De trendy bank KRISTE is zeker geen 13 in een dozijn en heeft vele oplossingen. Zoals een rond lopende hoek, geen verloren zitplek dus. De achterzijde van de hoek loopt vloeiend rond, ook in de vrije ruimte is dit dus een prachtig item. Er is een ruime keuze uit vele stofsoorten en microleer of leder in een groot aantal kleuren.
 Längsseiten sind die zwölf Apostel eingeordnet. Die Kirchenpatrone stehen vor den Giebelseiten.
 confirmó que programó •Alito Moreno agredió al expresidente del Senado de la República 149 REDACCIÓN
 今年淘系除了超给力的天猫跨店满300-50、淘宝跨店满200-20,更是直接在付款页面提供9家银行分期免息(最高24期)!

---

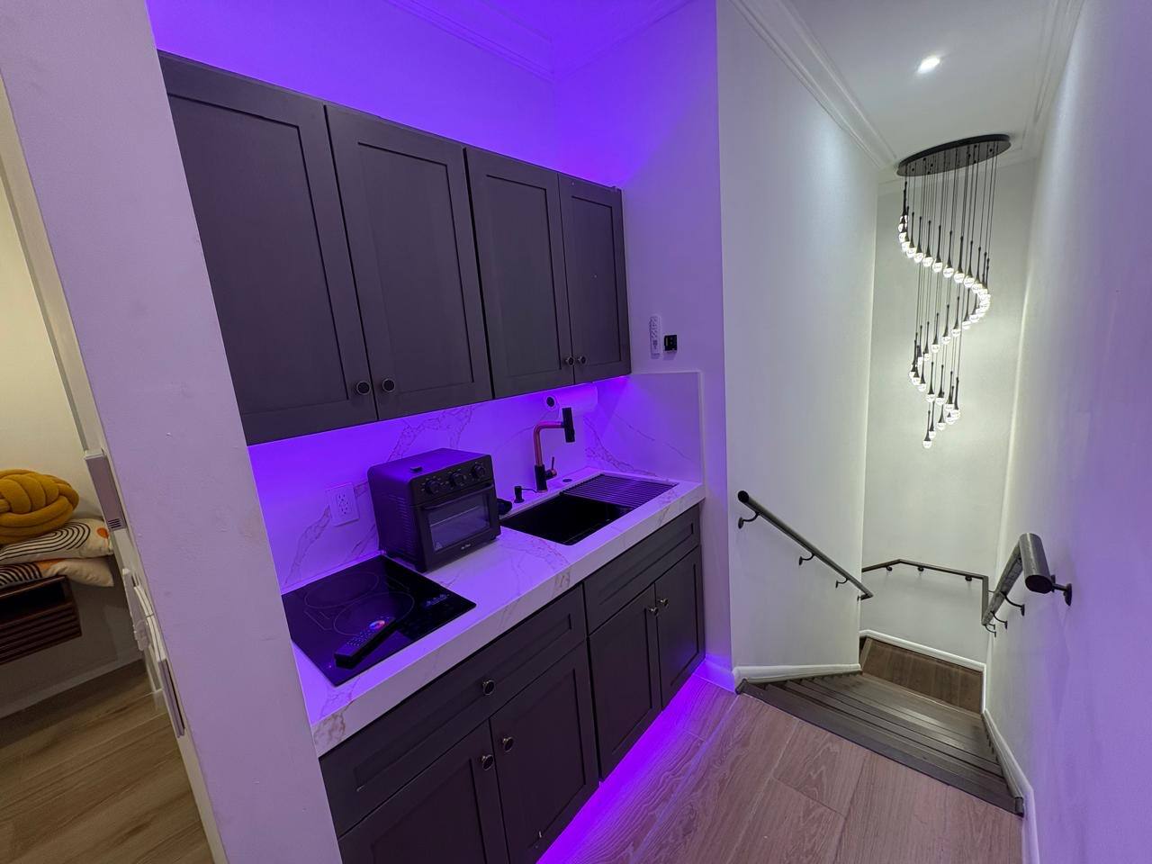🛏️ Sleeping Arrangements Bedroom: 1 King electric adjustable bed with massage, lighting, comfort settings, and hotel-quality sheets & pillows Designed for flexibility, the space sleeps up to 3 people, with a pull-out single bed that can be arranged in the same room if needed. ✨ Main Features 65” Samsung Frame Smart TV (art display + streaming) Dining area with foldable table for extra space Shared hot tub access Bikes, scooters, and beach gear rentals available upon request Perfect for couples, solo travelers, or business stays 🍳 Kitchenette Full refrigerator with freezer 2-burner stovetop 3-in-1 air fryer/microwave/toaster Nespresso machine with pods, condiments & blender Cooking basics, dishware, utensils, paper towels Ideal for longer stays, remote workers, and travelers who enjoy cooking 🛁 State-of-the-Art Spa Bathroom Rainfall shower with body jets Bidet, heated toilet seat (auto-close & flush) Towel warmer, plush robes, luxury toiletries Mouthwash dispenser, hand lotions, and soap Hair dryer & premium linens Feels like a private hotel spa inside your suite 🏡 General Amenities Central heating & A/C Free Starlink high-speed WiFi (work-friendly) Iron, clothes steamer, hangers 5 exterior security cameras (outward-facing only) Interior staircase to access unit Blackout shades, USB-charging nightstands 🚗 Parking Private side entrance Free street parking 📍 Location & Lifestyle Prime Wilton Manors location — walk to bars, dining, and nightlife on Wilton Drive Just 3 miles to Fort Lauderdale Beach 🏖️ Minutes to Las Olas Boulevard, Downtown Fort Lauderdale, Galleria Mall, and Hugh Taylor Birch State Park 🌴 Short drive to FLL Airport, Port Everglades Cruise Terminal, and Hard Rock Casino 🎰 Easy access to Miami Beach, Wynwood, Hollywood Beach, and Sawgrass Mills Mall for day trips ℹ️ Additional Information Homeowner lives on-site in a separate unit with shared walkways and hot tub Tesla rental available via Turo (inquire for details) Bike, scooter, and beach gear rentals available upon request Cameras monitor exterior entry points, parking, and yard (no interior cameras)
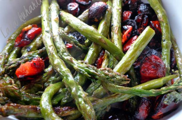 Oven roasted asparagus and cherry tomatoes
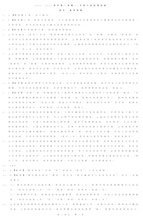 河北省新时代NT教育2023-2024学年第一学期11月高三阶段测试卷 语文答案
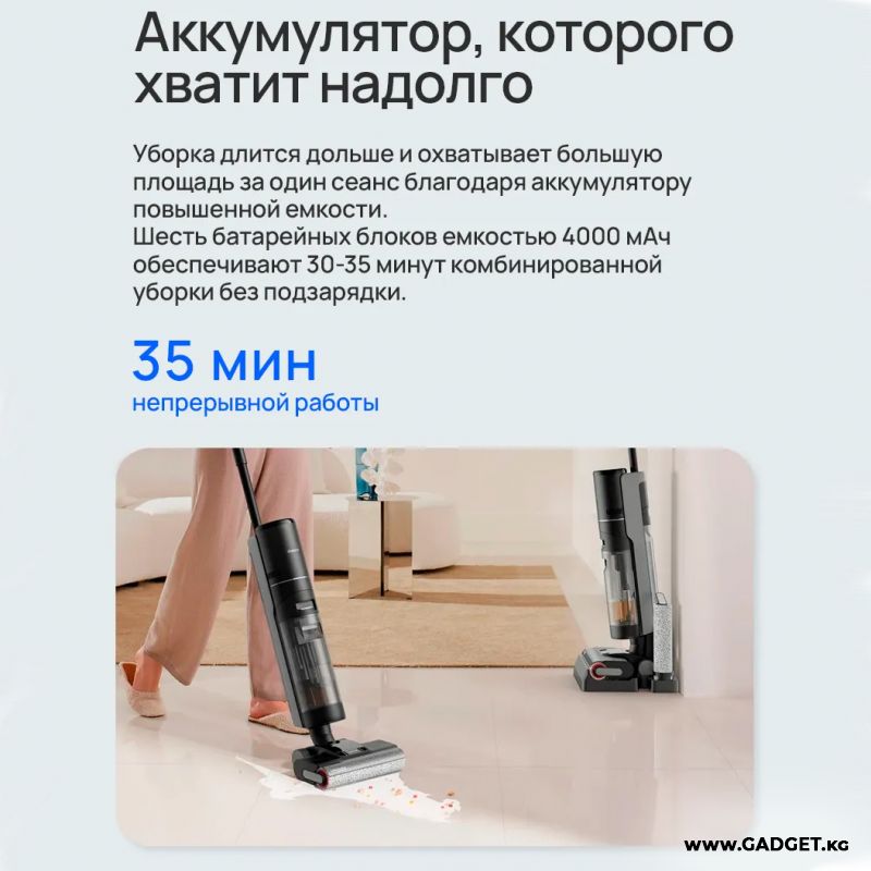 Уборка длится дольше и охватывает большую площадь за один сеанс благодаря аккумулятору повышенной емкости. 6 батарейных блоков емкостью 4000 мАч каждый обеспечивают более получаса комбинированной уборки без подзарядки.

* **Your objective**
Extract from the records above the lines from the one containing "De trendy bank" to the one containing "今年淘系除了超给力的天猫跨店", both lines included, exactly as they appear and with nothing else.

* **Answer to this task**
De trendy bank KRISTE is zeker geen 13 in een dozijn en heeft vele oplossingen. Zoals een rond lopende hoek, geen verloren zitplek dus. De achterzijde van de hoek loopt vloeiend rond, ook in de vrije ruimte is dit dus een prachtig item. Er is een ruime keuze uit vele stofsoorten en microleer of leder in een groot aantal kleuren.
 Längsseiten sind die zwölf Apostel eingeordnet. Die Kirchenpatrone stehen vor den Giebelseiten.
 confirmó que programó •Alito Moreno agredió al expresidente del Senado de la República 149 REDACCIÓN
 今年淘系除了超给力的天猫跨店满300-50、淘宝跨店满200-20,更是直接在付款页面提供9家银行分期免息(最高24期)!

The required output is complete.